DRUCK _ SACHE
Tendenzen zeitgenössischer Druckgrafik
Dokumentation zur Ausstellung in der Galerie Pankow
vom 18. April bis 10. Juni 2018
9:06 Minuten / HD
Transkription des Videos
Also wenn man malt oder zeichnet,
ist das der Prozess, den man im Atelier alleine macht
und sobald man vielleicht in die Druckgrafik geht,
verlässt man ja sein Atelier und geht
in einen anderen Raum und die Anonymität
ist vorbei und dann wird das sozusagen ein Miteinander oft.
Und als ich anfing mit der Lithografie, dieser dicke Stein,
wo der sich bemühen muss, das zu schleifen.

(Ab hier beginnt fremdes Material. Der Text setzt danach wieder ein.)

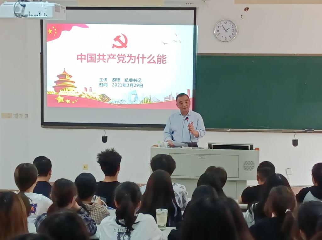 2021年3月29號,我校紀委書記游鋒以“中國共產(chǎn)黨為什么能”為主題,在教學樓110教室給20級藥學301、302班的學生開展一場別開生面的“開學第一課”,通過深入淺出的講述,加深了學生們對黨史的理解和感悟。

Der schleift dann den großen Stein.
Und jetzt soll man auf diesen großen,
dicken Stein etwas Freies draufmachen.
Er wird abgespült und dann wird der Stein getrocknet
und dann kann er reingetragen werden und bezeichnet werden.
Lothar Böhme: Aber ich mache es gerne wegen eben dem
schönen Haus wir unterhalten uns über die heutigen Dinge.
Dann kommt man hin und dann ist da eine wunderbare Atmosphäre.
Und dann guckt man auf den Stein drauf und dann fängt man an.
Und je länger man das macht, wir machen das ja fast schon jahrelang,
verliert man die Scheu, das zu machen.
Steffen Tschesno: Und das ist auch für mich das Interessante zu sehen,
dass zwei Maler, wie unterschiedlich sie sozusagen
mit dem Medium Grafik umgehen. Der eine als zeichnerisches Medium
und der andere sieht es als malerisches Medium.
Und das geht in beiden Techniken. Und in anderen natürlich auch noch.
Auch im Holzschnitt kann man natürlich malerisch
arbeiten oder zeichnerisch arbeiten.
Und das finde ich oft sehr, sehr interessant.
Und über den Prozess, den Lothar
beschrieben hat und auch den Said beschrieben hat,
also dass das man sieht, dass also Said in seinen Arbeiten,
wo er Maler ist, also auch in der Druckgrafik,
egal ob in der Radierung oder auch in der Lithografie,
immer einen malerischen Ansatz hat in seinen Arbeiten
und bei Lothar und Anna ist es,
also vor allem bei der Radierung sieht man das,
eigentlich doch, dass sie auch in der Art arbeiten
wie sie auch zeichnen.
Annette Tietz: Das ist die Suche wieder nach dem Auratischen des Kunstwerk
und der Einmaligkeit des Bildes; das steckt dahinter.
Und das kann man durchaus also erzeugen,
in dem man sich mit dem Blatt Papier, der Druckplatte,
dem Stein auseinandersetzt. Die Möglichkeit
oder die Beschränkung des Materials annimmt
und innerhalb, also dieser Beschränkung, aber
auch wieder zur eigenen Formulierung findet.
Das war eigentlich die Überraschung zu sehen,
dass es so viele junge Künstler an
unterschiedlichen Hochschulen gab,
die sich der Technik wieder zugewandt haben.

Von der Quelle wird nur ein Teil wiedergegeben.